Thursday, February 27, 2014

Conversation : Commentary

The conversation By Elizabeth Bishop is about an internal dialogue, a conversation the self has with the self about the self and what the self or heart wants. The heart--the seat of emotions--is upset and tries to figure for itself what or whom it, the heart, desires. No one outside sees this turmoil. Possibly in its questing--for love?--the beleagured heart really knows what it wants but after having suffered so long in "tumult" it takes a while to admit its upset. When it does so, it accepts itself.

All along it's as though the speaker has known what it wants--"a name," the name of a person, the object of desire; and then all the feelings mentioned earlier are resolved when the name and the feelings are identified or incarnated in one individual. 

The form of the poem abets this reading: stanzas one and two rhyme uneasily, line by line: heart/start; questions/senses/ [not the third line] voice/choice/ difference/sense. The final couplet resolves this resolution, aurally and ideationally, where the beloved comes into being. The last line spills over rhythmically, as though all the emotional blocked in the first ten or eleven lines is released. 
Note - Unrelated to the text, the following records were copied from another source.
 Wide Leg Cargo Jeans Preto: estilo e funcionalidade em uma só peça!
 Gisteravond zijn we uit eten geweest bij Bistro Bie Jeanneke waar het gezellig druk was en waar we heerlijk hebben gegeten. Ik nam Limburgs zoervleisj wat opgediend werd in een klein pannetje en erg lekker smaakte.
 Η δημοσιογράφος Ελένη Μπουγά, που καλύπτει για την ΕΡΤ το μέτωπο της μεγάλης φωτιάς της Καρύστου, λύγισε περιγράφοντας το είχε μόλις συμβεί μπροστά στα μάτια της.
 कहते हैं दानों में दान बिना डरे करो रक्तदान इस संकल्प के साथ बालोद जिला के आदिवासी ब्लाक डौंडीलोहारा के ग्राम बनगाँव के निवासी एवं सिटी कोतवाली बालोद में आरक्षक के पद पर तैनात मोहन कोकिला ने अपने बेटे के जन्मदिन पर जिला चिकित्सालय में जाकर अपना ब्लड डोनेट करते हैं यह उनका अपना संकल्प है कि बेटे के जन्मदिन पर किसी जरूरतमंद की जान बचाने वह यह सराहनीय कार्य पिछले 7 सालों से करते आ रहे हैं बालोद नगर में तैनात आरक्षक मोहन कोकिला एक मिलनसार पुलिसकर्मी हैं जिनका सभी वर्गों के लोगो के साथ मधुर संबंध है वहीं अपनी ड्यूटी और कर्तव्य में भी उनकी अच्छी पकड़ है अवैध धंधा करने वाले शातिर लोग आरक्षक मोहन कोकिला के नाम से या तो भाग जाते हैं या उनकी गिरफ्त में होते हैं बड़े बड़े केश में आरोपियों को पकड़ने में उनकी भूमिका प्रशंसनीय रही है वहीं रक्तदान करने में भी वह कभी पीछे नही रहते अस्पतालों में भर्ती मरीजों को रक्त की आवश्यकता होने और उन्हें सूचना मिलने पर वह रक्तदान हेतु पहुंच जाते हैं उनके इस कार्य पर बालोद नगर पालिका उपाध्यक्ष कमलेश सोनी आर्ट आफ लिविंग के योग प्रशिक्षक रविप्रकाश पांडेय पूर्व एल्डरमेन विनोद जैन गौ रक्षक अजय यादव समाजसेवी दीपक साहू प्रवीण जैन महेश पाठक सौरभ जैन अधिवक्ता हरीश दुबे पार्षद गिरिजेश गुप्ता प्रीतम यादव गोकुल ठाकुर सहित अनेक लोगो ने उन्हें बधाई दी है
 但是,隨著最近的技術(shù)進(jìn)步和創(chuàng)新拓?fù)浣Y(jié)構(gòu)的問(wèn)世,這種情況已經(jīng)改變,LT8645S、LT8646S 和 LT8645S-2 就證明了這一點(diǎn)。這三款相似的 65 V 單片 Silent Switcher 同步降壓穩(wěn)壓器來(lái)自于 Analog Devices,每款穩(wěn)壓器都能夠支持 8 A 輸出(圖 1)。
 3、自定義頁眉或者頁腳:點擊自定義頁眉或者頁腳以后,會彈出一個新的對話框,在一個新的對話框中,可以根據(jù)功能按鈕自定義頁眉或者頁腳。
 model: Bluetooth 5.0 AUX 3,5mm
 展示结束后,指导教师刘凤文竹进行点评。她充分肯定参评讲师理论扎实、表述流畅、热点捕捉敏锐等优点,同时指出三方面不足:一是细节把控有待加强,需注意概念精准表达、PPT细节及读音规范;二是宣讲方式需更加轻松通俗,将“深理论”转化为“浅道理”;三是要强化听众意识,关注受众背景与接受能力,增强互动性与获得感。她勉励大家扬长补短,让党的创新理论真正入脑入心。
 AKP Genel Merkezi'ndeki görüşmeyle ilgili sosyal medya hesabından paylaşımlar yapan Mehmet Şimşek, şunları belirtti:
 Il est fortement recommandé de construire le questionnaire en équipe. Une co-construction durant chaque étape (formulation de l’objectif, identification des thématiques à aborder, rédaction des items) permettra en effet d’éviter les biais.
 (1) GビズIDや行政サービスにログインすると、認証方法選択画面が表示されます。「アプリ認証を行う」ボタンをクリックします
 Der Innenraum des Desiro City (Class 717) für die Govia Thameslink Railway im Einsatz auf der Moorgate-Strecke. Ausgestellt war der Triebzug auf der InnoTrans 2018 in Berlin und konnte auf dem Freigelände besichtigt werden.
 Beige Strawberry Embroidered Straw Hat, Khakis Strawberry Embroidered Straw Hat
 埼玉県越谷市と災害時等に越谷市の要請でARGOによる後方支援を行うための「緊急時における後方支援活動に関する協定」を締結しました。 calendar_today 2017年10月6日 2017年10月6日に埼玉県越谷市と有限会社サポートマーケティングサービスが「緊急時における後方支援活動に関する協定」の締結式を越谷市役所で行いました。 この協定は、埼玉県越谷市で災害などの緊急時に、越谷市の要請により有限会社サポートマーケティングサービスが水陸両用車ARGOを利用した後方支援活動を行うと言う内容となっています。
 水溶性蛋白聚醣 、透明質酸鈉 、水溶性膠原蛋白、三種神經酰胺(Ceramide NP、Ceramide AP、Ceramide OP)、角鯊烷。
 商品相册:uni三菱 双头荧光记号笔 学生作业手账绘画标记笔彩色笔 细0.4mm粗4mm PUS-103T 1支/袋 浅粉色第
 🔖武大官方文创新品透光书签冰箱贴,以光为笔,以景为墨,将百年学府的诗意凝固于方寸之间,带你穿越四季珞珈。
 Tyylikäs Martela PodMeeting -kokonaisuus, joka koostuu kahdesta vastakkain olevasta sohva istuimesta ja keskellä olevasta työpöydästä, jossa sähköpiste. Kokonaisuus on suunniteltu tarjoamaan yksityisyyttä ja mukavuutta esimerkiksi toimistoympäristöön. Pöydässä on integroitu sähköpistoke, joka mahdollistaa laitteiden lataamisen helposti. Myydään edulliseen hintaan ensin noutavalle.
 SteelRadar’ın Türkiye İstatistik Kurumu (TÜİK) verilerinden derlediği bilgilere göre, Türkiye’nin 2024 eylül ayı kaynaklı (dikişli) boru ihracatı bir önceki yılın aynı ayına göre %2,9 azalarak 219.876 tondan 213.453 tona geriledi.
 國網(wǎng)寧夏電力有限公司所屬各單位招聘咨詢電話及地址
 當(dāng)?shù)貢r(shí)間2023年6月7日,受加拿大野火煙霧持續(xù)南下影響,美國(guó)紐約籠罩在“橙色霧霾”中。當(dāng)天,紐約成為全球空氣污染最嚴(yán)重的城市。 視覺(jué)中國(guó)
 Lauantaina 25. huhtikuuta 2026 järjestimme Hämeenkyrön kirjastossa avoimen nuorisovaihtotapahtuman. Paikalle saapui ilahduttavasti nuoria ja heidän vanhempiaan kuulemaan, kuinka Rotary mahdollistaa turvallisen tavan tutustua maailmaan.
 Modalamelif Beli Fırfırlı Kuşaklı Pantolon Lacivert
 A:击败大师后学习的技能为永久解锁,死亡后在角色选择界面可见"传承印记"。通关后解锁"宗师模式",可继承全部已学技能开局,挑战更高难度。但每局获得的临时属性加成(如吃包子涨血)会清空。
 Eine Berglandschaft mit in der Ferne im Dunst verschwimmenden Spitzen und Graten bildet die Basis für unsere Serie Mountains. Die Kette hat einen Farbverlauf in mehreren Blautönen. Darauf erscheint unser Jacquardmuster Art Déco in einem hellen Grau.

I like the use of personification in this poem because, by using it to describe the heart or subconscious mind, Bishop makes the nature of one's subconscious easier to relate to from a conscious viewpoint. The purpose is to stimulate engagement between these sectors of human reality and create "conversation", or at least to express this interaction of the two parts of self that Bishop has felt. Eventually, two thoughts of these two parallel selves intermingle and become one, because after all they are of the same mind, but simply of a separate nature.